What this task involves: Your copy should match the listing below exactly, except that it holds no images.

━━━━━ Data shown

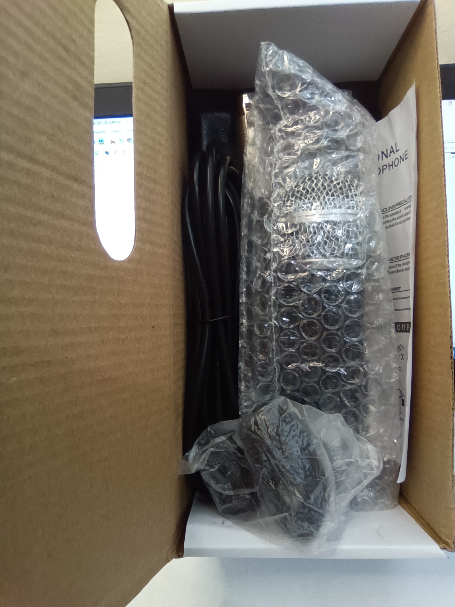 Especificação: Microfone dinâmico novo, com cabo, cachimbo e bolsa
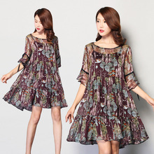 胖妹妹2017春装新款大码女装胖mm显瘦连衣裙蕾丝打底衫中长款宽松
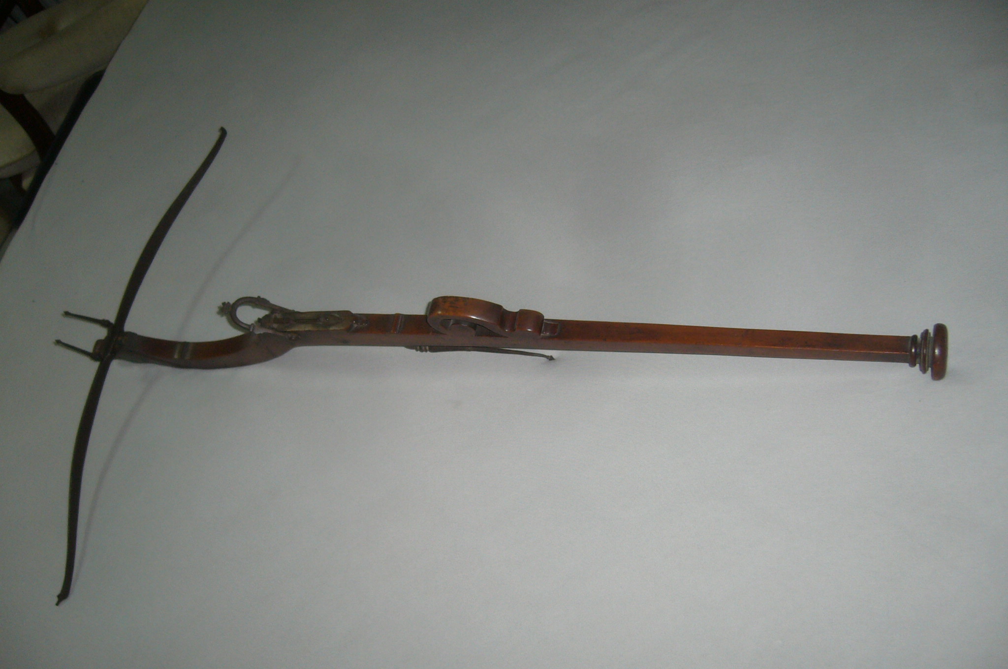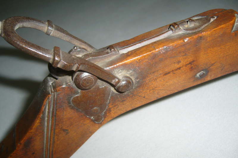 Hallo, biete eine Original Spät Mittelalterliche Armbrust Kugelschnepper, Vogelschnepper, Alter Ca. Um 1600, Vermutlich Italien, Die Metallteile sind alle Handgeschiedet, Die Schwinge hat ein Schmiedezeichen, Das Holz ist in einem alterbedingtem gutem Zustand, leider ist vorne die Halterung für die Schwinge/Bogen Defekt. Ich kann gerne auch noch Bilder per Email Senden, Habe auch noch eine Mittelalterliche Axt.

━━━━━━━━━━

Written answer:
 Especificação: Microfone dinâmico novo, com cabo, cachimbo e bolsa
 胖妹妹2017春装新款大码女装胖mm显瘦连衣裙蕾丝打底衫中长款宽松
 Hallo, biete eine Original Spät Mittelalterliche Armbrust Kugelschnepper, Vogelschnepper, Alter Ca. Um 1600, Vermutlich Italien, Die Metallteile sind alle Handgeschiedet, Die Schwinge hat ein Schmiedezeichen, Das Holz ist in einem alterbedingtem gutem Zustand, leider ist vorne die Halterung für die Schwinge/Bogen Defekt. Ich kann gerne auch noch Bilder per Email Senden, Habe auch noch eine Mittelalterliche Axt.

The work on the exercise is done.